WORK REQUIRED: Within the data that follows, set down exactly the lines from the one containing "Open the DataFlex" through the one containing "10月17日下午,杨槱院士育", both ends included.

MATERIAL PROVIDED:
------------------------------------------------

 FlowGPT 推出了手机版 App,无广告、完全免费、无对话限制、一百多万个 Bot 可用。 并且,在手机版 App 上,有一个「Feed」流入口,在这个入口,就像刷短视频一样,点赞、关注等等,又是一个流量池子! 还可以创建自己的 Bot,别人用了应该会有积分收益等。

------------------------------------------------

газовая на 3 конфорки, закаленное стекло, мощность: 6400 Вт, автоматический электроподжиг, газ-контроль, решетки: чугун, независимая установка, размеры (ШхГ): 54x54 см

------------------------------------------------

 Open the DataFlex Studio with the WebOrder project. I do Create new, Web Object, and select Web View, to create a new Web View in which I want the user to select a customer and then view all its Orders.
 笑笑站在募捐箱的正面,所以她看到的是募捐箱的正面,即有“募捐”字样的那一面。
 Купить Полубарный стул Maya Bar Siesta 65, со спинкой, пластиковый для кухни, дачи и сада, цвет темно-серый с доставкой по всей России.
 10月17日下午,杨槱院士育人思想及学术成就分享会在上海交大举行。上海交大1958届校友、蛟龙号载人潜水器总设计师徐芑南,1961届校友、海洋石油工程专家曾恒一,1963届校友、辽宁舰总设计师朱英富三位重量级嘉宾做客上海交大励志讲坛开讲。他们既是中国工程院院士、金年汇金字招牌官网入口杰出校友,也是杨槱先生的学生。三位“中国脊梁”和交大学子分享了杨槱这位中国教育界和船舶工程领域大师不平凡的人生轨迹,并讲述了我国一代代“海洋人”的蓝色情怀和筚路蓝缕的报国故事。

------------------------------------------------

EXERCISE ANSWER:
 Open the DataFlex Studio with the WebOrder project. I do Create new, Web Object, and select Web View, to create a new Web View in which I want the user to select a customer and then view all its Orders.
 笑笑站在募捐箱的正面,所以她看到的是募捐箱的正面,即有“募捐”字样的那一面。
 Купить Полубарный стул Maya Bar Siesta 65, со спинкой, пластиковый для кухни, дачи и сада, цвет темно-серый с доставкой по всей России.
 10月17日下午,杨槱院士育人思想及学术成就分享会在上海交大举行。上海交大1958届校友、蛟龙号载人潜水器总设计师徐芑南,1961届校友、海洋石油工程专家曾恒一,1963届校友、辽宁舰总设计师朱英富三位重量级嘉宾做客上海交大励志讲坛开讲。他们既是中国工程院院士、金年汇金字招牌官网入口杰出校友,也是杨槱先生的学生。三位“中国脊梁”和交大学子分享了杨槱这位中国教育界和船舶工程领域大师不平凡的人生轨迹,并讲述了我国一代代“海洋人”的蓝色情怀和筚路蓝缕的报国故事。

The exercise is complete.